(Recorded data)
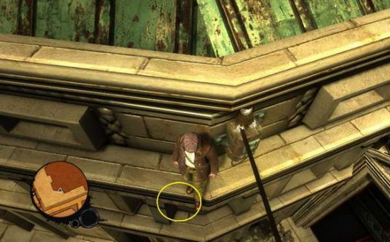 白点位置 这个建筑先从旁边的滑锁到达 这步很简单
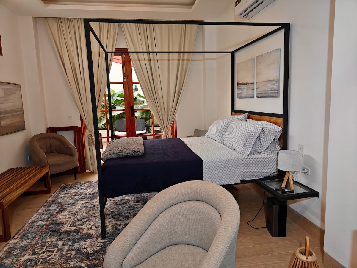 Welcome to our Bright Private Loft in Olon, Ecuador! Just 800m from the beach, our property offers three private apartments with private bathrooms and fully equipped kitchens. Enjoy the shared pool and relax in our curated Loft. It features a queen bed, private bathroom, and a fully equipped kitchen with complementary local coffee. Stay comfortable with A/C, WiFi, and self-check-in. Explore the nearby beaches and immerse yourself in the laid-back coastal lifestyle. Book your stay today!
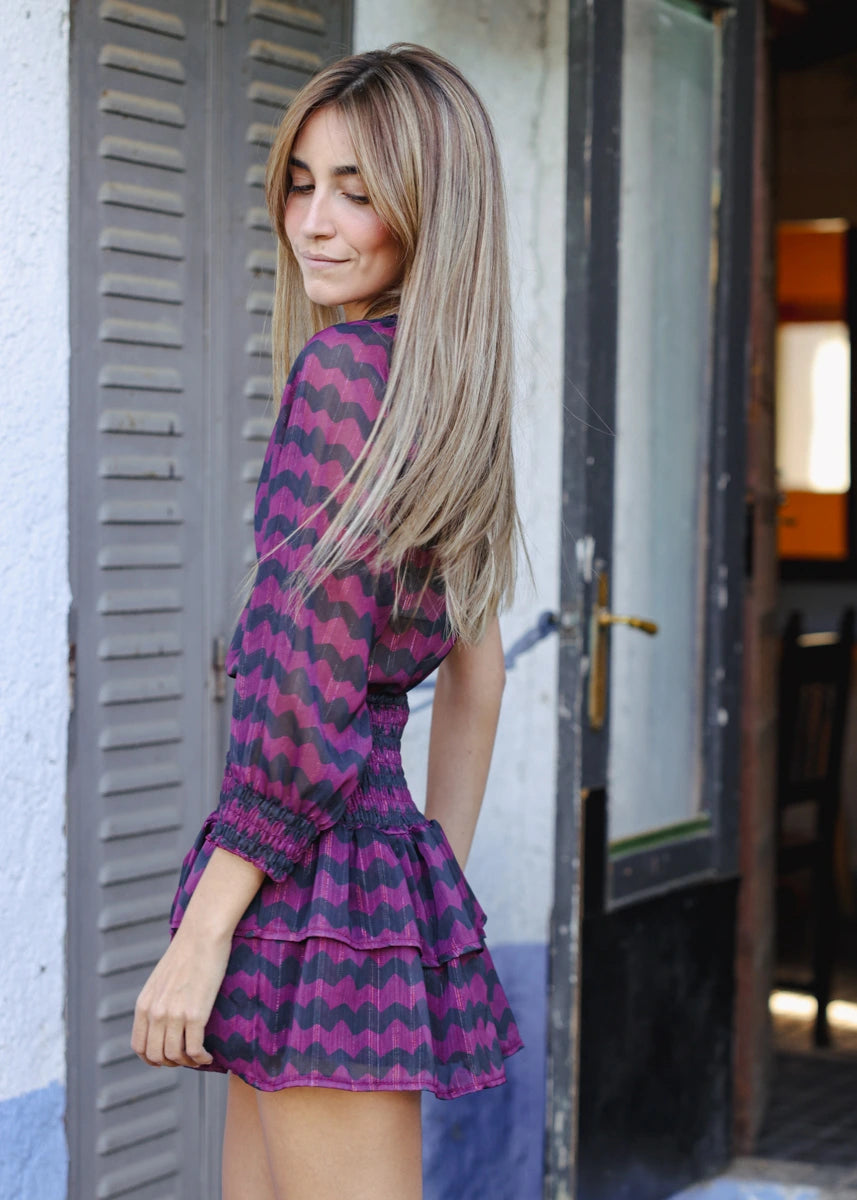 A Blusa Belle é uma peça moderna e sofisticada que se destaca pelo design assimétrico e um toque de brilho sutil, ideal para mulheres que buscam um estilo único e ousado. Com estampa vibrante em tons roxo e preto, essa blusa de manga única proporciona um ar de exclusividade e tendência.
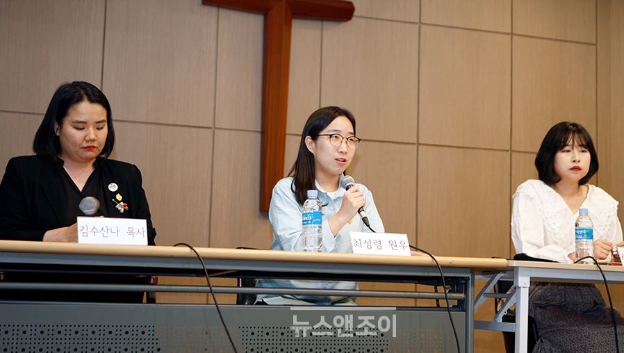 기청 설문 결과를 소개한 옥바라지선교센터 하민지 운영위원은, 성폭력이 발생하지 않았고 담임목사에게 성범죄 전과가 없다고 해도 교회가 무조건 안전한 공간이라고 볼 수 없다고 말했다. 그는 응답자들이 교회에서 들은 성희롱 발언들을 소개했다.
(End Recorded data)
● What you are asked to do: Print the complete listing exactly, apart from any pictures.

● Solution to this task:
 白点位置 这个建筑先从旁边的滑锁到达 这步很简单
 Welcome to our Bright Private Loft in Olon, Ecuador! Just 800m from the beach, our property offers three private apartments with private bathrooms and fully equipped kitchens. Enjoy the shared pool and relax in our curated Loft. It features a queen bed, private bathroom, and a fully equipped kitchen with complementary local coffee. Stay comfortable with A/C, WiFi, and self-check-in. Explore the nearby beaches and immerse yourself in the laid-back coastal lifestyle. Book your stay today!
 A Blusa Belle é uma peça moderna e sofisticada que se destaca pelo design assimétrico e um toque de brilho sutil, ideal para mulheres que buscam um estilo único e ousado. Com estampa vibrante em tons roxo e preto, essa blusa de manga única proporciona um ar de exclusividade e tendência.
 기청 설문 결과를 소개한 옥바라지선교센터 하민지 운영위원은, 성폭력이 발생하지 않았고 담임목사에게 성범죄 전과가 없다고 해도 교회가 무조건 안전한 공간이라고 볼 수 없다고 말했다. 그는 응답자들이 교회에서 들은 성희롱 발언들을 소개했다.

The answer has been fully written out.